There are nearly enough rocks in this collection to build a rock garden.  The smaller ones were rolled into the dump cart pulled behind the lawn tractor.  The larger ones were pulled behind the truck.  All are gathered above the new garden.  A remaining challenge is to safely move the stones downhill to their final resting place.

These stones have been found in various locations around the property.  Many had been moved to field's edge years ago.  Some were a great distance from the closest possible approach with my machines.  Becky thought a plastic snow sled might be used to pull large stones across the forest floor.  She was right.  It takes some effort but the sled slides over fallen leaves with a reasonable amount of work from me.  Several irresistible stones still wait for their turn on the sled.

Five large stones have been placed to complete the first change in elevation.  Each was bedded in wet fine gravel.  Only wet sand can be packed firm and working these stones into the wet sand has them solidly anchored.  Small path stones were screened out of the soil here.  The stone path is intended to keep the pasture grass out of the planting bed.  We have found that the path will require weeding but if we stay with it the quack grass will not take over the garden.

This unusual rock was found along the edge of the back field.  Its formation remains a complete mystery to me.  The thin white lines may be calcite deposits but they were laid down in two different directions.  How could that have happened?  This stone is in the middle of the row of five.  When I need to walk across here, I always step over this stone.  The glacier left it intact to a degree but it looks fragile to me.

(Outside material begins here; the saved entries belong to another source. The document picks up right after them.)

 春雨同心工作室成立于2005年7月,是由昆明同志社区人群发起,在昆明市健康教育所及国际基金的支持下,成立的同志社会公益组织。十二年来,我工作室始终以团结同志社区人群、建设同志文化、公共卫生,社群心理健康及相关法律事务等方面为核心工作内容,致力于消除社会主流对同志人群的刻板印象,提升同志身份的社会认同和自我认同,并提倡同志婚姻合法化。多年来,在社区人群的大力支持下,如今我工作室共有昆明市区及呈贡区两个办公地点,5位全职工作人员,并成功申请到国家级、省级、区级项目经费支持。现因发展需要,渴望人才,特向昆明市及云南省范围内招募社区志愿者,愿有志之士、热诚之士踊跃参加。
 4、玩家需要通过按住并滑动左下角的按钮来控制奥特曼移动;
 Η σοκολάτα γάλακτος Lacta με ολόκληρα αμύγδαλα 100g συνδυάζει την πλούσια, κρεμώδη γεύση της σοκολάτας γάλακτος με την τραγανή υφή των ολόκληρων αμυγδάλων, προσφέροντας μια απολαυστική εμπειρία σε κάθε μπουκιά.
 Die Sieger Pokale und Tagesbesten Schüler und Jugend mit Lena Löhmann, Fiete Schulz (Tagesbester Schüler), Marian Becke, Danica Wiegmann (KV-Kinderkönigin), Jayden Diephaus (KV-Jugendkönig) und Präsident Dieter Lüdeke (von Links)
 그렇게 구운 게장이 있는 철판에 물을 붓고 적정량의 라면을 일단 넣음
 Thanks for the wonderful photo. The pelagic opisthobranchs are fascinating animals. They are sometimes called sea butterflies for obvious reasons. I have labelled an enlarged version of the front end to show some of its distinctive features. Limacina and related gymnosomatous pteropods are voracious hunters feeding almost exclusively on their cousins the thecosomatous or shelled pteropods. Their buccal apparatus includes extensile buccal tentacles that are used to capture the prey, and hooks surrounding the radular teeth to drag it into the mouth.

We would like to plant this area come Spring.  Much more sifting needs to be done to remove all of the small stones and weeds from the dirt.  Then compost will be added to make soil.  This is where I can be found tomorrow.


Donna@Gardens Eye View said...

Good luck with this challenging area...I love watching how you are completing this. And I understand how injuries can limit us as we age.

Indie said...

What an interesting rock! Rock moving is so challenging - that's how I injured my wrists this summer. Every time I moved rocks, my tendonitis would come back. I guess it's like someone said: garden smarter, not harder! Your rock garden will be awesome!